The following extra instructions can be appended to the prompt to guide the caption generation:

  • If there is a person/character in the image you must refer to them as {name}.
  • Do NOT include information about people/characters that cannot be changed (like ethnicity, gender, etc), but do still include changeable attributes (like hair style).
  • Include information about lighting.
  • Include information about camera angle.
  • Include information about whether there is a watermark or not.
  • Include information about whether there are JPEG artifacts or not.
  • If it is a photo you MUST include information about what camera was likely used and details such as aperture, shutter speed, ISO, etc.
  • Do NOT include anything sexual; keep it PG.
  • Do NOT mention the image's resolution.
  • You MUST include information about the subjective aesthetic quality of the image from low to very high.
  • Include information on the image's composition style, such as leading lines, rule of thirds, or symmetry.
  • Do NOT mention any text that is in the image.
  • Specify the depth of field and whether the background is in focus or blurred.
  • If applicable, mention the likely use of artificial or natural lighting sources.
  • Do NOT use any ambiguous language.
  • Include whether the image is sfw, suggestive, or nsfw.
  • ONLY describe the most important elements of the image.
  • If it is a work of art, do not include the artist's name or the title of the work.
  • Identify the image orientation (portrait, landscape, or square) and aspect ratio if obvious.
  • Use vulgar slang and profanity, such as (but not limited to) "fucking," "slut," "cock," etc.
  • Do NOT use polite euphemisms—lean into blunt, casual phrasing.
  • Include information about the ages of any people/characters when applicable.
  • Mention whether the image depicts an extreme close-up, close-up, medium close-up, medium shot, cowboy shot, medium wide shot, wide shot, or extreme wide shot.
  • Do not mention the mood/feeling/etc of the image.
  • Explicitly specify the vantage height (eye-level, low-angle worm’s-eye, bird’s-eye, drone, rooftop, etc.).
  • If there is a watermark, you must mention it.
  • Your response will be used by a text-to-image model, so avoid useless meta phrases like “This image shows…”, "You are looking at...", etc.

Limitations

WARNING: Beta One is not a general instruction follower. Feel free to experiment outside of these prompts, but don't expect perfect adherence.

vLLM

vLLM provides the highest performance inference for JoyCaption, and an OpenAI compatible API so JoyCaption can be used like any other VLMs. Example usage:

vllm serve fancyfeast/llama-joycaption-beta-one-hf-llava --max-model-len 4096 --enable-prefix-caching

VLMs are a bit finicky on vLLM, and vLLM is memory hungry, so you may have to adjust settings for your particular environment, such as forcing eager mode, adjusting max-model-len, adjusting gpu_memory_utilization, etc.

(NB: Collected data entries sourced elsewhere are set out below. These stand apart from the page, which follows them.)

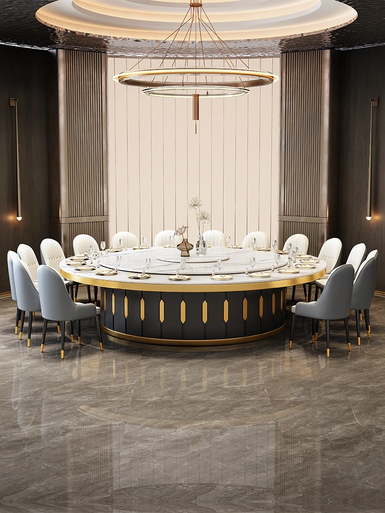 ホテル用電動ダイニングテーブル 大型サークルテーブル 20人用 回転式 軽奢華 モダンシンプル 電磁調理器付き 火鍋テーブル レストラン用テーブル&椅子 セットで贅沢な食事体験を提供!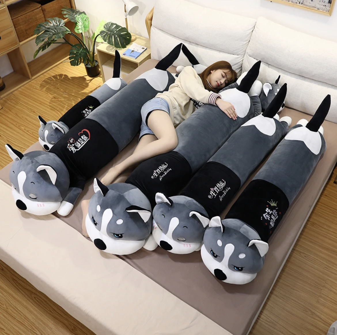 ぬいぐるみ抱き枕公仔1.3メートルハスキーセーター犬公仔抱き枕伏せ枕バレンタインデー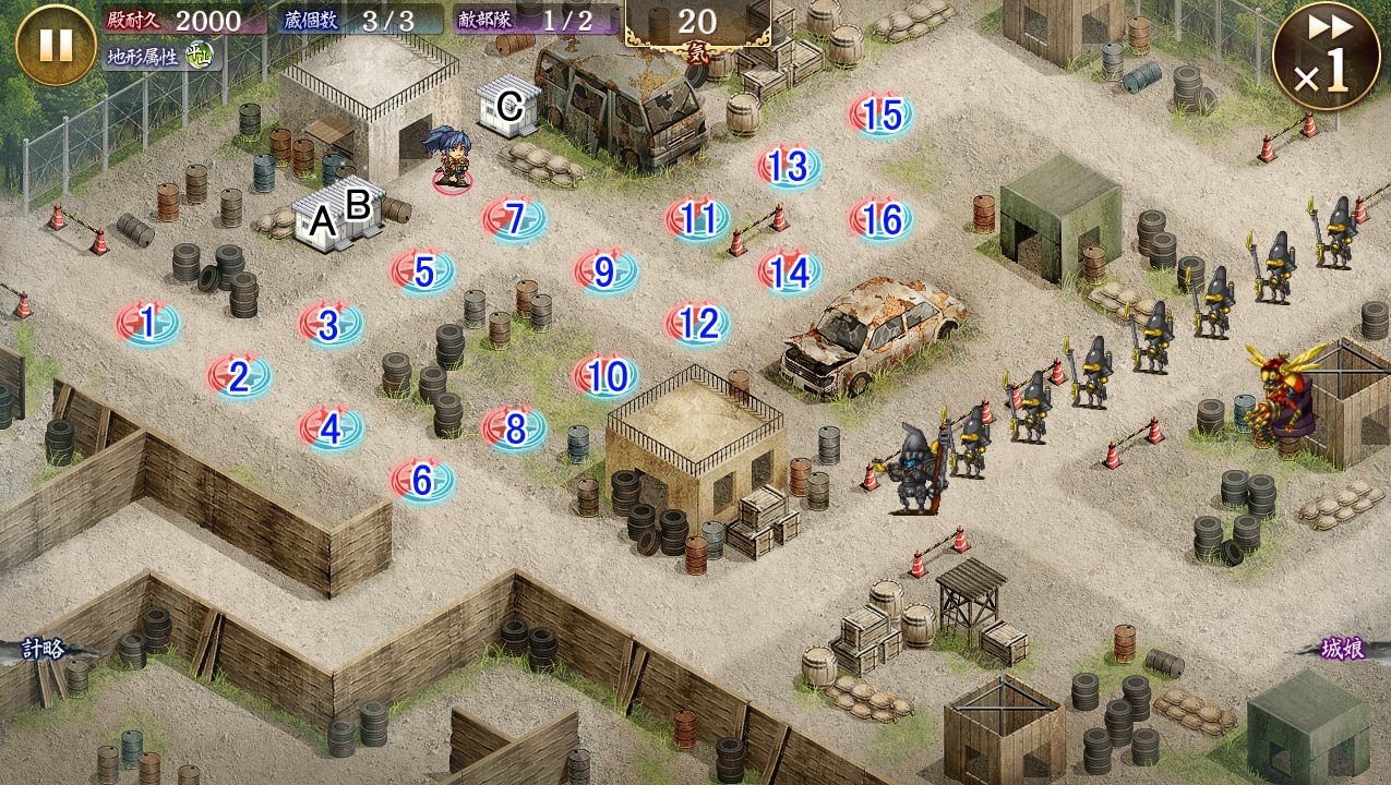 | 今回の合戦では、以下の戦場効果が発動しています。 防衛戦:殿から遠い位置いの配置マスが消滅している代わりに、全て近接マスになる。 |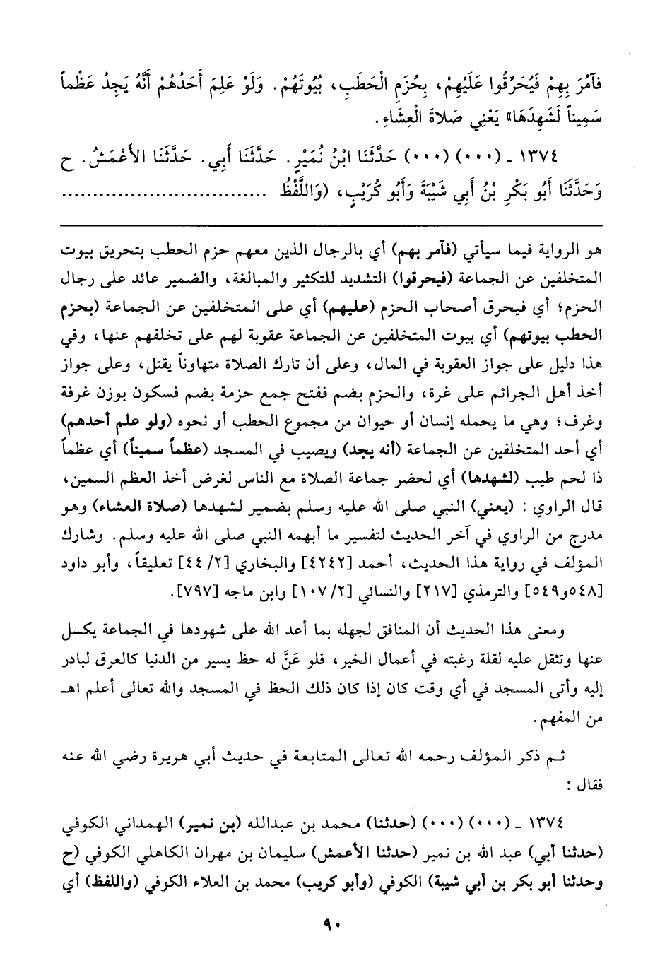 هو الرِّواية فيما سيأتي (فآمر بهم) أي بالرجال الذين معهم حزم الحطب بتحريق بيوت المتخلفين عن الجماعة (فيحرقوا) التشديد للتكثير والمبالغة، والضمير عائد على رجال الحزم؛ أي فيحرق أصحاب الحزم (عليهم) أي على المتخلفين عن الجماعة (بحزم الحطب بيوتهم) أي بيوت المتخلفين عن الجماعة عقوبة لهم على تخلفهم عنها، وفي هذا دليل على جواز العقوبة في المال، وعلى أن تارك الصَّلاة متهاونًا يقتل، وعلى جواز أخذ أهل الجرائم على غرة، والحزم بضم ففتح جمع حزمة بضم فسكون بوزن غرفة وغرف؛ وهي ما يحمله إنسان أو حيوان من مجموع الخطيب أو نحوه (ولو علم أحدهم) أي أحد المتخلفين عن الجماعة (أنَّه يجد) ويصيب في المسجد (عظمًا يمينًا) أي عظمًا ذا لحم طيب (لشهدها) أي لحضر جماعة الصَّلاة مع النَّاس لغرض أخذ العظم السمين، قال الراوي: (يعني) النَّبيُّ صَلَّى الله عليه وسلم بضمير لشهدها (صلاة العشاء) وهو مدرج من الراوي في آخر الحديث لتفسير ما أبهمه النَّبيُّ صَلَّى الله عليه وسلم. وشارك المؤلف في رواية هذا الحديث، أحمد [٤٢٤٢] والبخاري [٢/ ٤٤] تعليقًا، وأبو داود [٥٤٨ و ٥٤٩] والترمذي [٢١٧] والنَّسائيُّ [٢/ ١٠٧] وابن ماجة [٧٩٧].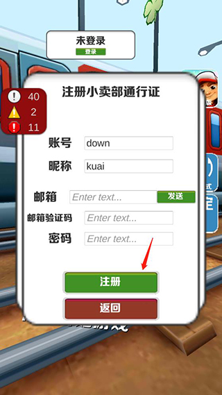 3、在注册页面填写账号、昵称、邮箱及密码,点击提交即可完成注册。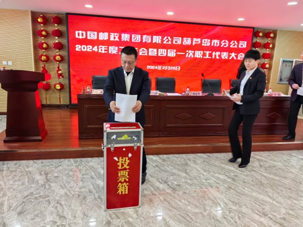 中國郵政集團有限公司葫蘆島市分公司四屆一次職工代表大會于2024年2月29日在市分公司六樓會議室召開,會議認真聽取了張忠華總經理所作的《攻堅克難 轉型煥新 真抓實干 以實干實績開創高質量發展新局面 奮力譜寫葫蘆島郵政趕超跨越新篇章》的工作報告。大會舉手表決通過了張忠華總經理的工作報告、財務部作的《財務收支情況報告》和《福利費使用情況報告》、辦公室作的《招待費使用情況報告》和人力部作的《社保、醫保、公積金繳交情況報告》。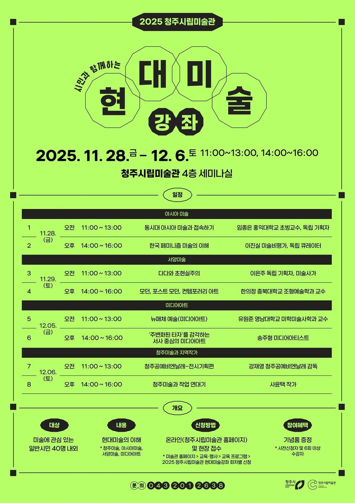 이번 강좌는 현대미술이 어렵게 느껴지는 시민들도 부담 없이 수강할 수 있도록 구성했으며 아시아미술, 한국 페미니즘 미술, 서양미술, 미디어아트, 청주미술 등 다양한 분야에서 활발한 활동을 펼치는 전문가들이 총출동해 8회 강연을 진행한다.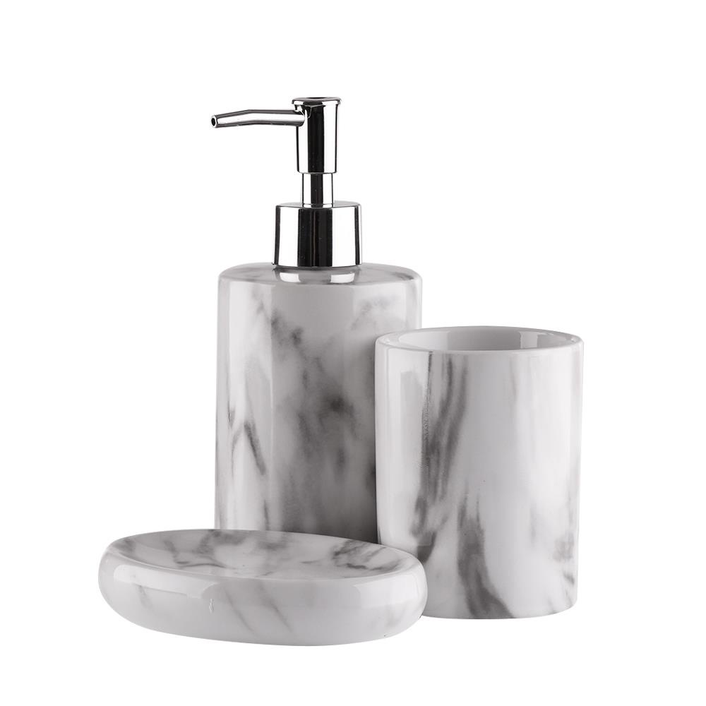 HomeBase MOYA Bộ đồ dùng nhà tắm 3 món bằng gốm CE1251A3 W19,5xH21xD8,2 màu trắng

On Windows the easiest way to use vLLM is to setup docker and run something like:

docker run --gpus all --ipc=host -p 8000:8000 -v "%USERPROFILE%\.cache\huggingface:/root/.cache/huggingface" vllm/vllm-openai:latest --model fancyfeast/llama-joycaption-beta-one-hf-llava --max-model-len 4096 --enable-prefix-caching

-v "%USERPROFILE%\.cache\huggingface:/root/.cache/huggingface" persists the model cache outside of docker, so it doesn't have to re-download the model every time you run the container.

Finetuning

Finetuning scripts and documentation can be found in the finetuning directory. The finetuning/README.md file contains detailed instructions on how to prepare your data and train JoyCaption on it.

Current Status

JoyCaption is currently at Beta One. This means that things are nearing completion for version 1.0.

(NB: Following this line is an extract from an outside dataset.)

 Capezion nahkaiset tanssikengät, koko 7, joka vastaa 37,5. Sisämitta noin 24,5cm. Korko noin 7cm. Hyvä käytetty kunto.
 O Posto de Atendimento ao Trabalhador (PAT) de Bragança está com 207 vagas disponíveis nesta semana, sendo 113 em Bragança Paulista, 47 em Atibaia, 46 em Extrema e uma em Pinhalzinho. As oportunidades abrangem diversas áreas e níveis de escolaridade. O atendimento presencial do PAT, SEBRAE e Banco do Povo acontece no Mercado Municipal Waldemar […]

Please note that JoyCaption, like all VLMs, is not perfect. Expect issues when it comes to multiple subjects, left/right confusion, OCR inaccuracy, etc. Instruction following is better than Alpha Two, but will occasionally fail and is not as robust as a fully fledged SOTA VLM. And though I've drastically reduced the incidence of glitches, they do still occur 1.5 to 3% of the time. As an independent developer, I'm limited in how far I can push things. For comparison, commercial models like GPT4o have a glitch rate of 0.01%.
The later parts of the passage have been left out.